Voters in the rural county wanted to know about broadband connectivity, flood defences, access to healthcare and whether more help is coming with the cost of living, according to Tories who campaigned there.
And yet in the past month, a pair of scandals involving local Tories undercut that effort. First, David Warburton, MP for Somerton and Frome, had the Tory whip removed after allegations of cocaine use and sexual advances on staff – claims he contests.
Then Neil Parish, at the time the MP for Tiverton and Honiton, was unveiled by The Telegraph as the politician seen by female colleagues watching pornography in the House of Commons.
“In the last few days I’ve had the jokes about tractors,” admitted one MP who has spent a lot of time knocking doors in Somerset.
The MP went on: “There hasn’t been a combative spirit.
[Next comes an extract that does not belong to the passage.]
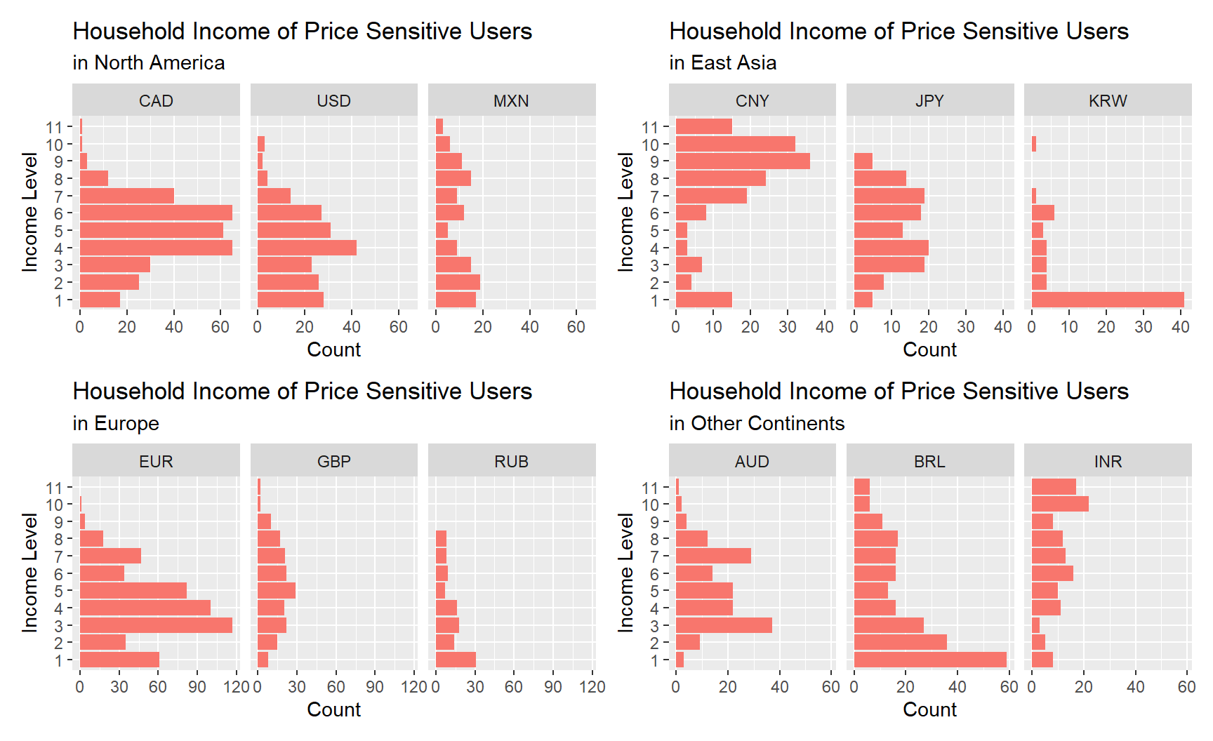 Here we are going to analyze the incomes based on the pre-divided intervals as well. Incomes are displayed in order of highest to lowest level on the y-axis (from top to bottom). For uses in the North America, there are similar distributions (close to normal) for CAD (Canada Dollar) and USD (US Dollar), while Mexican incomes appear to be more evenly distributed. CNY (Chinese Yuan) users’ incomes are clustered in a higher level. Incomes in JPY (Japanese Yen) mainly range from level 3 to 8, with no data in the highest level of 10 and 11. Most of the Korean respondents seem to be students from our guess since lots of them earn the lowest level of income. In Europe and other continents, number of the price-sensitive using EUR and BRL (Brazilian Real) appears to be larger than other countries and most observations are clustered under level 5, but for INR (Indian Rupee), there are more people having higher incomes. Overall we can see that income distributions differ a lot in each country.

That means one of three things.
“Either, one: people are thinking ‘sod it, I can’t be bothered.’ Second: ‘I’m not going to vote.’ Or third: ‘I don’t want to offend you, I’m not going to vote your way.’”
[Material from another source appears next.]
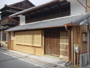 | 修理後正面。一階部分は数度の改変を経ているが、このファサードは初現 | ミセ部分内観 下屋軒桁に向かって大梁が延びる | |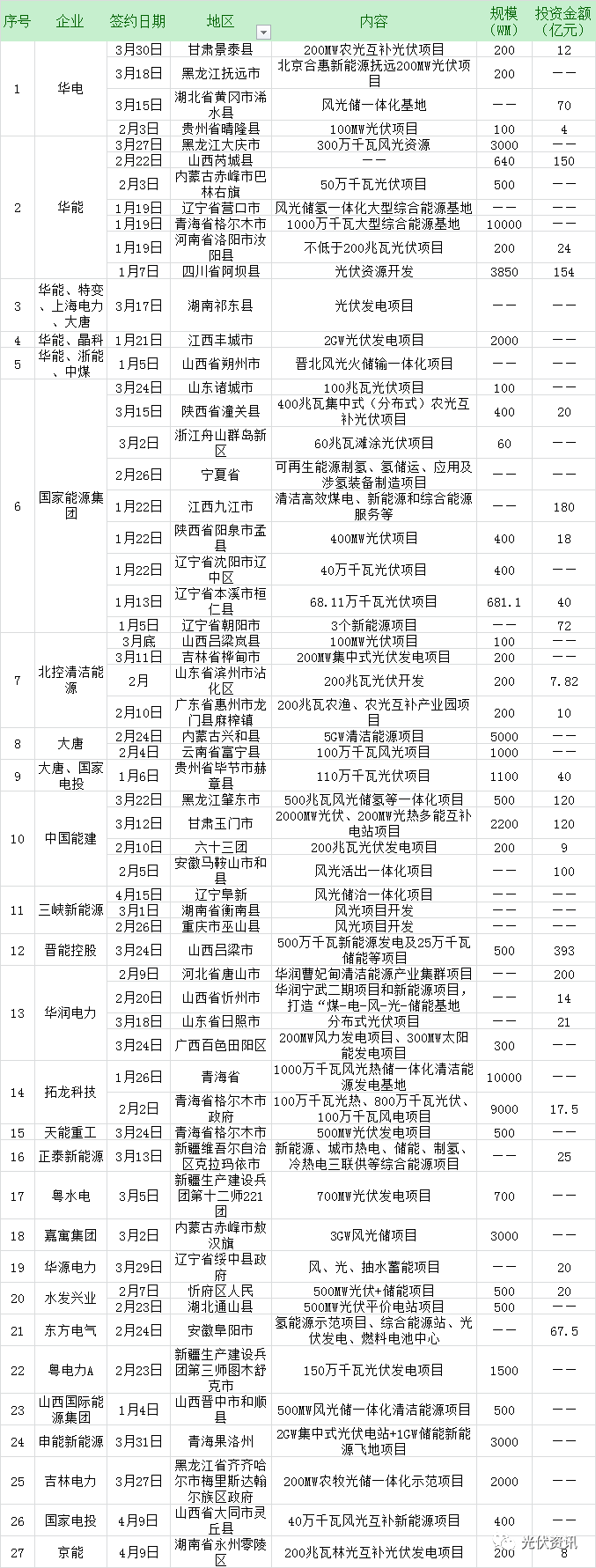 華能以20GW的總規(guī)模位居投資榜榜首,占據(jù)第一季度總投資規(guī)模的30%,投資金額超300億元:1月7日,阿壩縣人民政府與華能四川水電有限公司簽約光伏資源開發(fā)合作協(xié)議,該項(xiàng)目協(xié)議投資154億元,總裝機(jī)規(guī)模385萬千瓦;1月19日,華能集團(tuán)在青海省格爾木市簽訂1000萬千瓦的大型綜合能源基地建設(shè)戰(zhàn)略合作協(xié)議;同日,又與遼寧營口市政府簽署大型綜合能源基地戰(zhàn)略合作協(xié)議;1月21日,攜手晶科與江西省豐城市成功簽訂了2GW光伏項(xiàng)目投資合作協(xié)議;與內(nèi)蒙古巴林右旗簽訂風(fēng)光氫儲項(xiàng)目合作,規(guī)劃建設(shè)100萬千瓦風(fēng)電儲能電站,50萬千瓦光伏發(fā)電項(xiàng)目……據(jù)光伏資訊了解,2020年華能實(shí)現(xiàn)新增新能源裝機(jī)突破1000萬千瓦,開工超1000萬千瓦。同時,華能黨組書記、董事長、中國工程院院士舒印彪提出“十四五”期間華能要干8000萬到1億千瓦的清潔能源,初步估算新能源調(diào)整的投資力度在7000億人民幣左右,這是目前各大央企在官方提出的十四五最大能源規(guī)劃。

Some Tories – including Ed Costello, chairman of the activist group Grassroots Conservatives – are pleased the Labour Party is being led by a lifelong lawyer rather than a more ruthless political operator.
“People know Boris. A bit of a buffoon at times but he comes up trumps when he does a Churchillian speech to the Ukrainian parliament,” Mr Costello said. “He has his moments. But he is what he is. Most people see he is a chap who is flawed, but who isn’t?
“But [Sir Keir] Starmer comes across as a prat at times. If it was [Sir Tony] Blair and not Starmer then I suspect the situation would be rather different.”
The reactions on the doorstep that have most alarmed Conservative MPS are not the ranting and raving of lifelong Tory-haters but the disappointment of party loyalists.
Outside Waitrose in Mr Cameron’s old seat in Witney, long-term Tories explained why they are disillusioned.
“I’ve been a Tory voter all my life, but I didn’t vote,” said Sue Stewart, a 63-year-old retiree. “I couldn’t be bothered.”
She said she was annoyed by Mr Johnson’s recent scandals but above all was angry about the cost of living.
Graham Idbury, another Waitrose shopper who usually ticks the Conservative box, also sat on his hands.
“Boris will definitely lose the next general election”, Mr Idbury said, “if he’s still in No 10.”
There are plenty of reasons to discount underwhelming mid-term results which were trotted out publicly by Tories in television and radio appearances yesterday.
Voters always punish governments mid-term. The financial squeeze pinched right before polling day; scandals broke at a bad time. Actually, it was not as bad as feared. But privately, party figures right up to the Cabinet admit the mood on the doorstep – including in Tory shires – was frosty towards not just the party but its leader.
“I’d be lying if I didn’t say there has been background music around the PM,” one Cabinet minister said, pointing to criticisms in the “leafy suburbs” in particular.
The hope, the minister went on, is that Tory loyalists are not promising a permanent “divorce” from the party, but more a short-term fling.
“This is not 1997. These people, we will be able to persuade them to come back home again, by making the right noises in the right way.”
If that can be done, then Mr Johnson will be hoping the reveal of his legislative agenda on Tuesday at the Queen’s Speech can start the healing process.
If not, come the next election, it could be curtains.